The Congress party, its leaders and supporters have, over the years, opposed, stalled, or denounced some of India’s most consequential development projects. Here is the documented record – in their own words.
Ravish Kumar & Ganga Expressway (May 2026)
A video of Ravish Kumar reacting to the newly inaugurated Ganga Expressway has gone viral on social media, prompting widespread debate. In the clip, he is seen questioning the value of reduced travel time and expressing skepticism about the emphasis on infrastructure-led development in Uttar Pradesh.
In the video, he remarks, “Tell me, what will you do by reaching Prayagraj 5 hours earlier? The real enjoyment is in the road trip itself, not in reaching the destination. So why is the government building expressways and shortening people’s road trips?” suggesting that the experience of travel is more meaningful than reaching the destination faster.
🤡 रवीश कुमार अब पूरी तरह से पागल हो चुका है!
“गंगा एक्सप्रेसवे से 11 घंटे का सफर 6 घंटे में!”
रवीश: “अरे 5 घंटे पहले पहुँचकर क्या करोगे??” 😂
भाई, पूरा देश विकास से जश्न मना रहा है, तू रो रहा है कि लोग जल्दी पहुँच रहे हैं?
“An Undeveloped Border is Safer” – AK Antony, Parliament (September 2013)
No statement in independent India’s political history is more damning than this one, made voluntarily by UPA Defence Minister A.K. Antony on the floor of Parliament: “Independent India had a policy for many years that the best defence is not to develop the border. Undeveloped border is more safe than developed border. So many years, there was no construction of roads, airfields, nothing in the border areas. By that time, China continued to develop their infrastructure. Compared to us, infrastructure-wise, capability-wise in the border areas, they are ahead. I admit that. It is a part of history.”

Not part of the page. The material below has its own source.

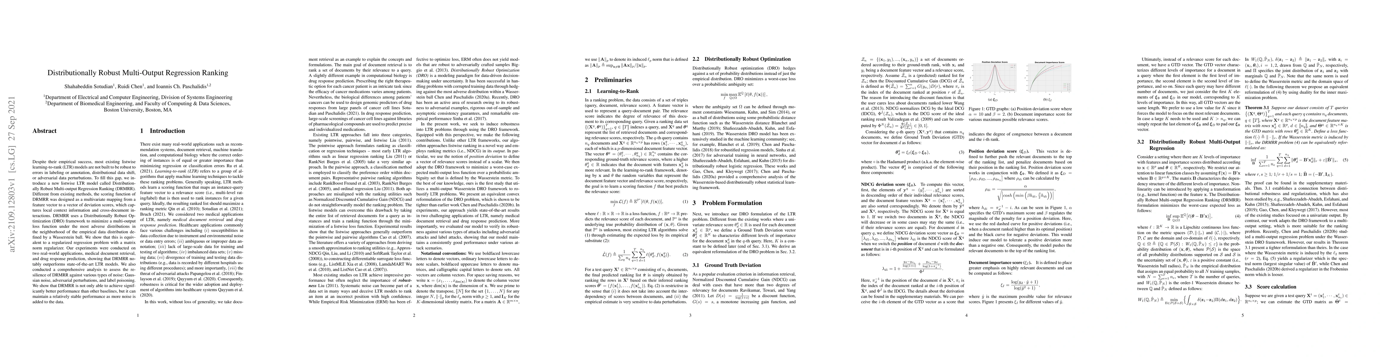 Despite their empirical success, most existing listwiselearning-to-rank (LTR) models are not built to be robust to errors in labeling or annotation, distributional data shift, or adversarial data perturbations. To fill this gap, we introduce a new listwise LTR model called Distributionally Robust Multi-output Regression Ranking (DRMRR). Different from existing methods, the scoring function of DRMRR was designed as a multivariate mapping from a feature vector to a vector of deviation scores, which captures local context information and cross-document interactions. DRMRR uses a Distributionally Robust Optimization (DRO) framework to minimize a multi-output loss function under the most adverse distributions in the neighborhood of the empirical data distribution defined by a Wasserstein ball. We show that this is equivalent to a regularized regression problem with a matrix norm regularizer. Our experiments were conducted on two real-world applications, medical document retrieval, and drug response prediction, showing that DRMRR notably outperforms state-of-the-art LTR models. We also conducted a comprehensive analysis to assess the resilience of DRMRR against various types of noise: Gaussian noise, adversarial perturbations, and label poisoning. We show that DRMRR is not only able to achieve significantly better performance than other baselines, but it can maintain a relatively stable performance as more noise is added to the data.

Read that again. A sitting defence minister of the world’s largest democracy stood in Parliament and confessed that India’s official policy was to deliberately leave its borders undeveloped while China built roads, airstrips, and supply chains right up to the LAC. The result? Doklam. Galwan. Depsang. Decades of Chinese encroachment enabled, in part, by a Congress doctrine that mistook vulnerability for strategy.
“A Planned Misadventure” – Sonia Gandhi on the Great Nicobar Project (September 2025)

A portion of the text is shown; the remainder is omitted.